= Violin Concerto (Grime) =

Helen Grime's Violin Concerto was written between 2015 and 2016 on a commission from the Swedish Radio Symphony Orchestra. Its world premiere was performed by the violinist Malin Broman and the Swedish Radio Symphony Orchestra conducted by Daniel Harding at Berwald Hall, Stockholm, on 15 December 2016.

==Composition==
The concerto has a duration of roughly 20 minutes and is cast in one continuous movement divided into three numbered sections connected by intermezzi.

===Instrumentation===
The work is scored for solo violin and an orchestra consisting of two flutes (2nd doubling piccolo), two oboes, two clarinets (2nd doubling E-flat clarinet), two bassoons (2nd doubling contrabassoon), two horns, two trumpets, two trombones, bass trombone, tuba, two percussionists, harp, celesta, and strings.

==Reception==
The music journalist Jari Kallio praised the piece as "one of [Grime's] most compelling scores" and predicted that "the concerto is destined to become a repertory item." Fellow music journalist Colin Anderson similarly said that the work "makes an instant impression through energy and attack," describing it as "music that also holds the attention rewardingly." Chris King of The St.

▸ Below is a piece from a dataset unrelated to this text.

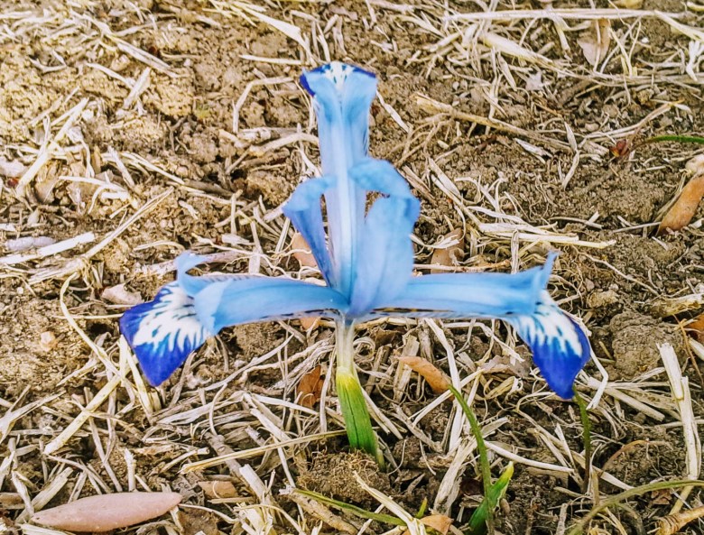 The gray day put the croci to sleep, but one more dwarf iris did find its way to the surface. A pleasant surprise in a surprisingly pleasant day.

Louis American also praised the concerto, writing, "The soloist almost never rested and almost always played at a feverish pitch. Grime wrote only scraps of melody for the other instruments; the brass section played such short lines it was almost used for percussion, and when anyone other than the soloist played as many as 12 notes in a line, it felt like an event." He added that "the music is not ugly, only edgy, unsettled, and unsettling" and that it "ended on a gorgeous note of discord."